I don't remember exactly when I heard about it, but I was pretty young. My folks were telling me about when I was born. My dad was in the Air Force then, so the birth was really cheap. My dad said my birth cost them $8, but if I had been a boy, I would have been circumcised and it would have been $11.

I don't remember when I found out exactly what being circ'd meant, but I know I had the notion that it was the thing to do, and no big deal.

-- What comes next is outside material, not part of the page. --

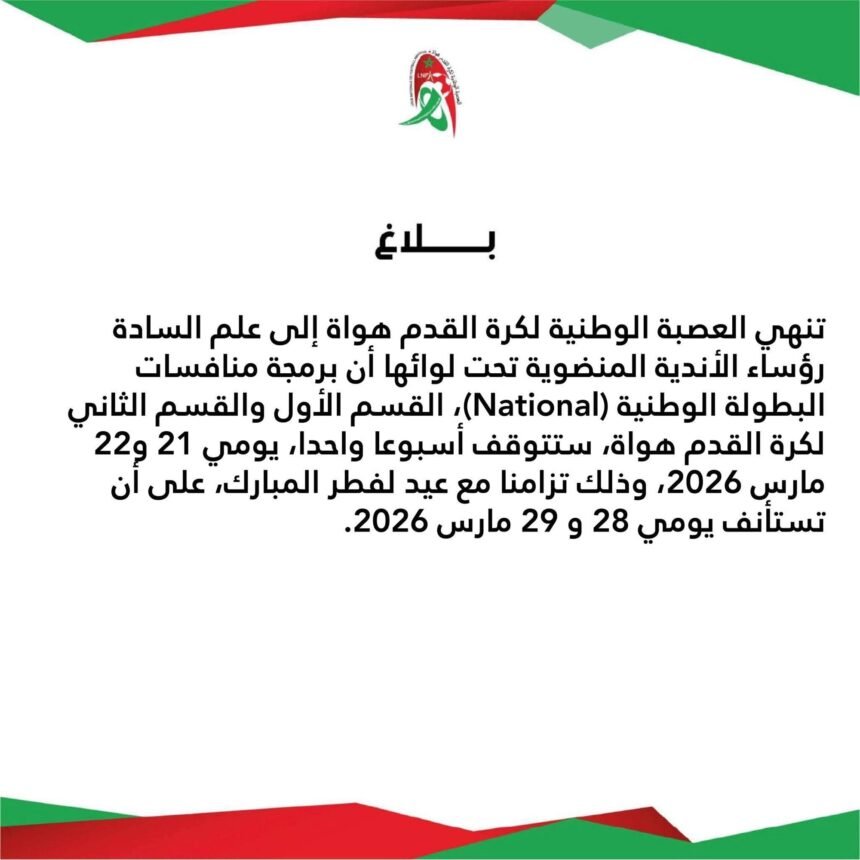 وأوضح البلاغ أن مباريات القسمين الأول والثاني من بطولة البطولة الوطنية للهواة ستتوقف يومي 21 و22 مارس 2026، على أن تُستأنف المنافسات من جديد يومي 28 و29 مارس 2026.

When I was in high school in the mid-80's, my younger (male) cousin and I were staying with our grandparents. There was a story on some news show about circ. It talked about the pain and it being medically unnecessary. My cousin and I talked and decided that we wouldn't want to circ future kids. My cousin now has a son, but I don't know if he's circ'd or not, nor have I ever known if my cousin is, but I suspect he might not be.

When I told my dad we weren't going to circ if we had a boy, he said he was glad, because he'd always wished he was like his dad. OTOH, he still talks about how I would have cost $11 if I'd been a boy.







If we ever get into a big discussion about it, I'll probably point him to info on it, but it doesn't seem all that urgent, as he's not rabidly for it.

So, anyway, at least on my dad's side, circ only lasted one generation. It's possible that his brother wasn't done - he was born a few years before my dad, who was born in 1944 - and likely that my cousin on that side wasn't - he was born in Germany and didn't live long. I think my mom's dad is intact, but I have no idea about her brother, who is the above-mentioned cousin's father. I'm proud to carry on the _old_ tradition. :LOL


----------



## Velvet005 (Aug 9, 2004)

I first learned about circ when I was 17. I am an only child so I did not know there was any difference.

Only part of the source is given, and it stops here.